Sim-to-Real Vision-depth Fusion CNNs for Robust Pose Estimation Aboard Autonomous Nano-quadcopter

Luca Crupi,Elia Cereda,Alessandro Giusti,Daniele Palossi
2023-08-03
Abstract:Nano-quadcopters are versatile platforms attracting the interest of both academia and industry. Their tiny form factor, i.e., $\,$10 cm diameter, makes them particularly useful in narrow scenarios and harmless in human proximity. However, these advantages come at the price of ultra-constrained onboard computational and sensorial resources for autonomous operations. This work addresses the task of estimating human pose aboard nano-drones by fusing depth and images in a novel CNN exclusively trained in simulation yet capable of robust predictions in the real world. We extend a commercial off-the-shelf (COTS) Crazyflie nano-drone -- equipped with a 320$\times$240 px camera and an ultra-low-power System-on-Chip -- with a novel multi-zone (8$\times$8) depth sensor. We design and compare different deep-learning models that fuse depth and image inputs. Our models are trained exclusively on simulated data for both inputs, and transfer well to the real world: field testing shows an improvement of 58% and 51% of our depth+camera system w.r.t. a camera-only State-of-the-Art baseline on the horizontal and angular mean pose errors, respectively. Our prototype is based on COTS components, which facilitates reproducibility and adoption of this novel class of systems.
Robotics
What problem does this paper attempt to address?
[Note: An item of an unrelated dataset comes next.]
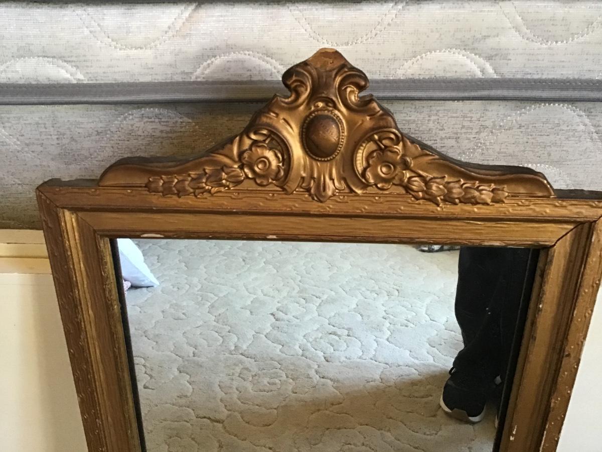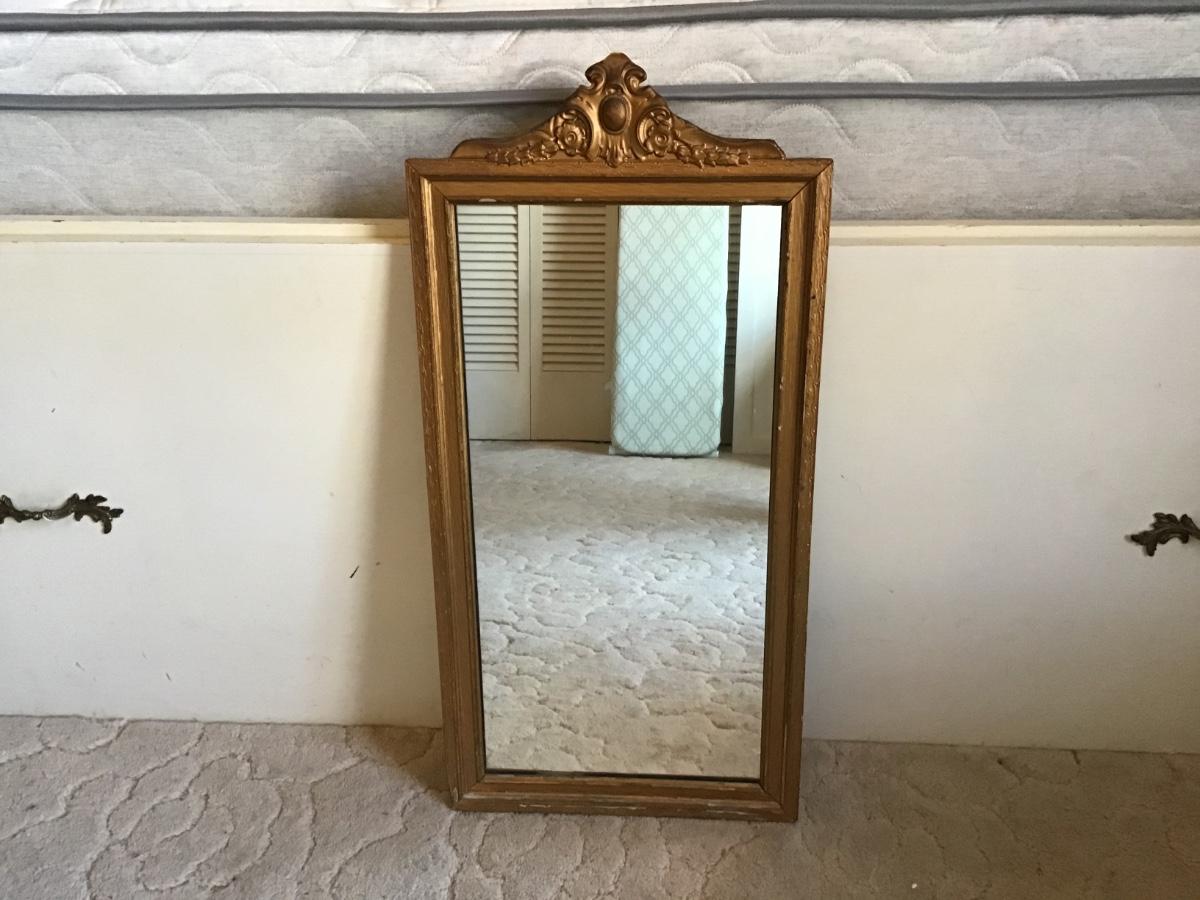 K158 - Vintage Gold Tone Mirror 14.5”x30”

This paper aims to address the problem of human pose estimation using nano-quadcopters under extremely resource-constrained conditions. Specifically: - **Research Background**: Nano-quadcopters, due to their small size (approximately 10 cm in diameter), are very suitable for working in confined environments and are harmless when operating near humans. However, these advantages also bring significant limitations in computational power and sensor resources. - **Target Problem**: The goal of this paper is to achieve robust human pose estimation on such resource-constrained platforms. The authors improve existing camera-only methods by integrating depth information and image data, thereby enhancing the accuracy of pose estimation. - **Main Contributions**: - Designed and analyzed various CNN models that fuse inputs from two complementary sensors (depth sensor and monocular camera); - Detailed a training pipeline from simulation to reality, which utilizes aggressive photometric augmentation and balanced label distribution; - Provided comprehensive field experiment results, demonstrating the system's performance under real-world conditions and comparing it with various configurations, including state-of-the-art baseline methods. - **Experimental Results**: In a previously unseen flight arena, the system significantly outperformed the camera-only baseline methods, reducing horizontal pose error and angular pose error by 58% and 51%, respectively. In summary, this paper proposes a novel method that combines depth information and image data to overcome the challenges of resource-constrained nano-quadcopters, achieving higher accuracy in human pose estimation.